“I can do only two things in this world: love and read.” –book thief Guglielmo Libri to François Guizot, 1845

Written by Abby Lang, Rare Book Cataloger

Recently in the rare book cataloging department at the University of Pennsylvania, a not-very-exciting-looking red two-volume set appeared at the top of my stack of books to catalog in the French Culture Class Collection.  From a cursory look at the volumes, I could see it was a collection of items in various formats–published pamphlets, newspaper clippings, and manuscript letters–bound together and all on one topic.  Both volumes had a manuscript table of contents at the front.  At the start, we didn’t know what the subject of the collection was, who compiled it, or where and when the library acquired the collection.  In rare book cataloging at Penn, we’ve begun to create finding aids to describe some of the more unusual items in our collections that warrant further description than we can fit into a traditional catalog record. This set seemed like a perfect candidate to be described in a finding aid because of the variety of items it contained and the manuscripts letters, which would hopefully warrant more in-depth description.  I delved into the collection, and it didn’t take long to realize that Procès Libri. Détournement de manuscrits, d’autographes, et de livres: jugement – polèmiques is a fascinating set: all of the items are on the subject of the book thief named Libri; many written by his ardent supporter who went by the name of Bibliophile Jacob; several of the pamphlets are inscribed by their author; manuscript letters from Libri, his lawyer, and a supporter about missing incunabula are pasted in; it tells a story better than fiction.

Guglielmo Libri

Guglielmo Libri-Carrucci dalla Sommaia, shortened to Libri, was an aptly named Italian count, scholar, mathematician, bibliophile, professor, book collector, book seller, library inspector, and most notoriously, thief of rare books and manuscripts from the French national libraries.  Libri’s passion for books drove him into tempting situations that no bibliomaniac of his proportion should have to endure; as inspector of French provincial libraries tasked with cataloging the most disorganized manuscript collections in the country, Libri was often left unattended, sometimes after hours, with some of the most precious and obscure items in the French libraries.  As a trusted government official and well-known scholar, many librarians were both charmed by Libri and apt to turn a blind eye as they noticed him, for example, spending far too long with Italian scientific printed books when his job was to catalog the manuscripts, or when he slipped into a back room for librarians only where duplicate and uncatalogued items were kept, or when one or two items went missing after his visit.

*  * *

Libri was born in Florence in 1803.  He excelled in math and science as a young man and was appointed Professor of Mathematical Physics at the University of Pisa at the age of twenty-one.  Due to political activity, he was exiled from Italy in 1831 and settled in Paris, where he was already well connected and regarded in the scientific and academic communities from previous visits.  Libri was able to become a French citizen, which allowed him to begin teaching at the Collège de France.  Shortly after, he was appointed to a position at the Sorbonne and was elected as full member of the Académie des Sciences, with the help of his friend Dominique François Arago, the astronomer and radical politician, who was then the secretary of the Académie des Sciences.  Libri had always been a lover of books and a book collector, and as he undertook a project to write a complete history of science in Italy, Histoire des sciences mathématiques en Italie, he became known as the leading collector of scientific and mathematical books and manuscripts of the time.  By 1841 Libri estimated his collection to contain 1,800 manuscripts, and in 1847 he estimated his printed books to number 40,000 volumes (Ruju and Mostert 162 and 166).
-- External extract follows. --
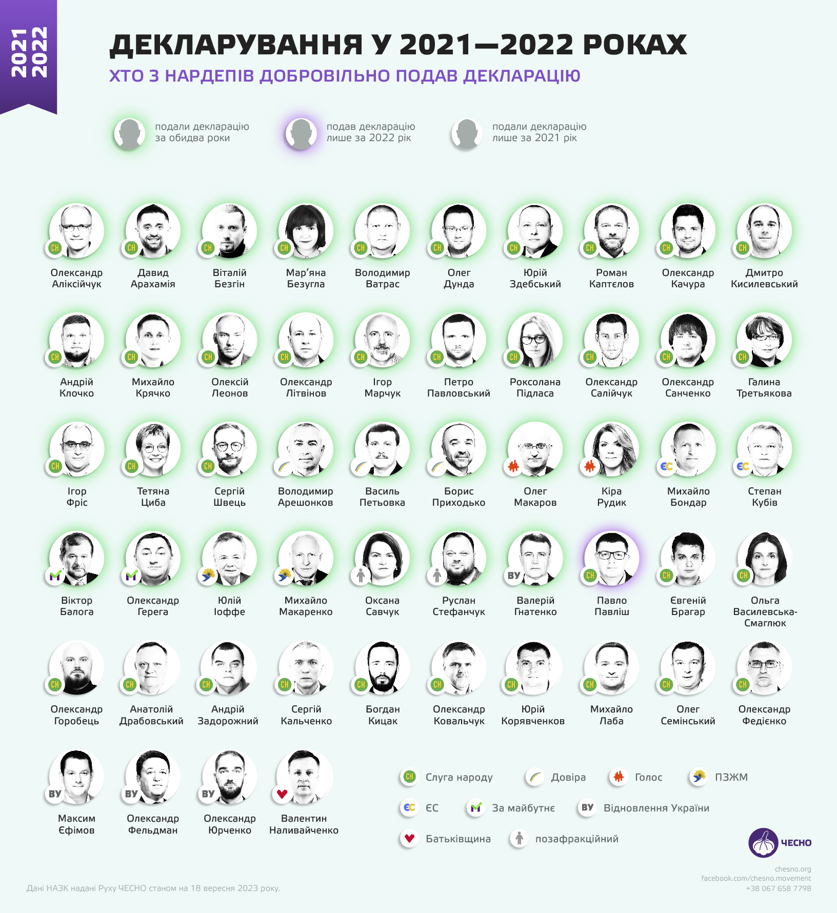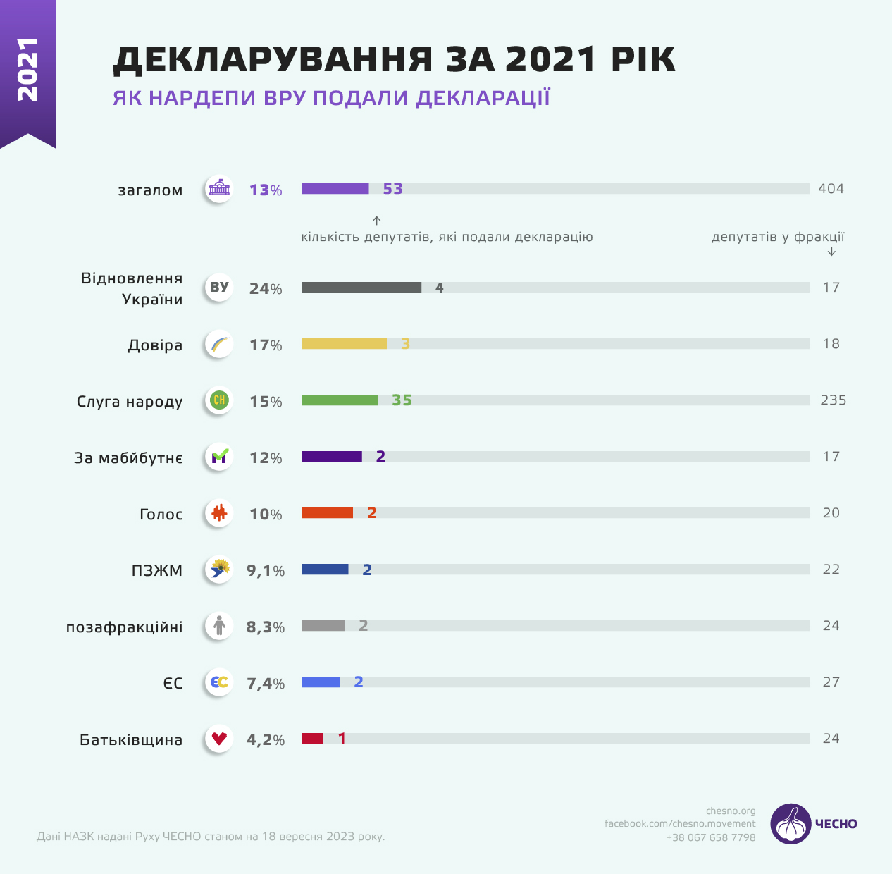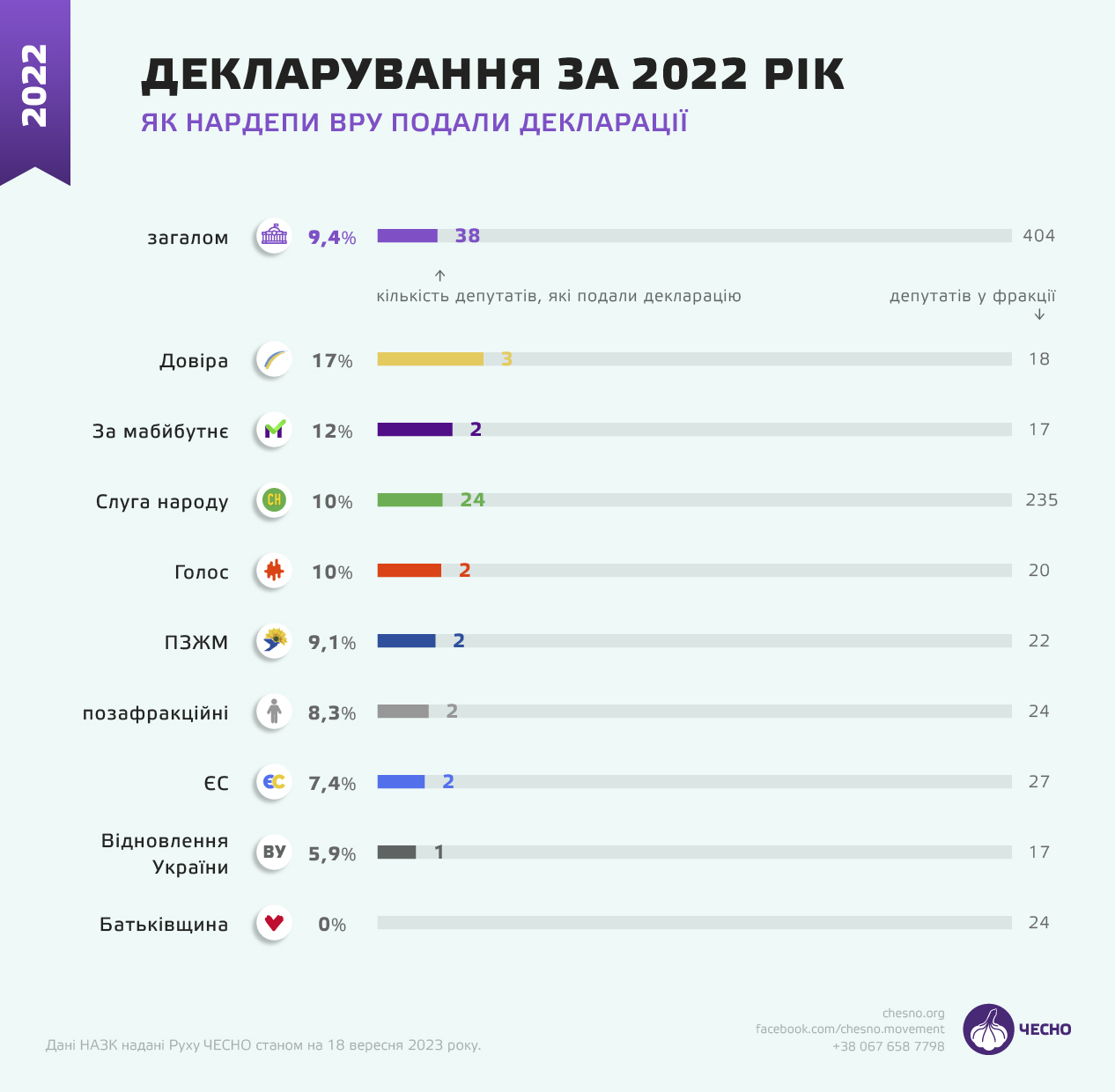 Лише 53 народні депутати добровільно подали майнові декларації за 2021 рік. За 2022 рік їхня кількість іще менша — 38. Такі дані Рух ЧЕСНО отримав від НАЗК наприкінці вересня.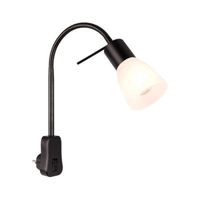 Con struttura flessibile, con alimentazione a corrente, in metallo/in vetro, nera, ø7 cm, altezza totale 40 cm

During his research in French libraries, Libri began to critique the way libraries handled rare books and manuscripts.  He criticized libraries for losing books, for leaving them unattended, for purchasing stolen books, and for theft by employees blamed on patrons. At this time French libraries were in a general state of disarray.  The Bibliothèque Royale in Paris was in the difficult process of becoming a public institution, the Bibliothèque Nationale.  The provincial libraries had been chaotic since the French Revolution, when thousands of books and manuscripts had been seized from clergy and aristocracy and brought to the provincial libraries, where the librarians were so overwhelmed that scores of volumes were either stolen or seized for the Bibliothèque Nationale by bibliographers sent from Paris.  Libri was able to take advantage of this chaos.

François Pierre Guillaume Guizot

Libri’s good friend François Guizot, a historian, professor, and the Minister of Public Instruction, was beginning to enact more regulations on the French public libraries.  Libri suggested to the Minister that a commission be formed to investigate the manuscript collections of the provincial libraries and create catalogs of their holdings.  The end result would be a published catalogue of the complete manuscript collection of the French public libraries.  By 1842 Libri was appointed as the Secretary of the newly formed commission, as well as one of the inspectors.  With this new position, Libri was given increased access to manuscript collections of the provincial libraries throughout France, staying for extended periods, looking at collections unsupervised, and asking librarians to allow him to work after hours and send manuscripts to his home to look at more closely.  It is during this four year period that Libri is accused of stealing countless books and manuscripts from the French public libraries.  Libri retired from the commission in 1846, having contributed only to the first volume of the Catalogue Général des Manuscrits des Bibliothèques Publiques des Départements, which was published in 1849.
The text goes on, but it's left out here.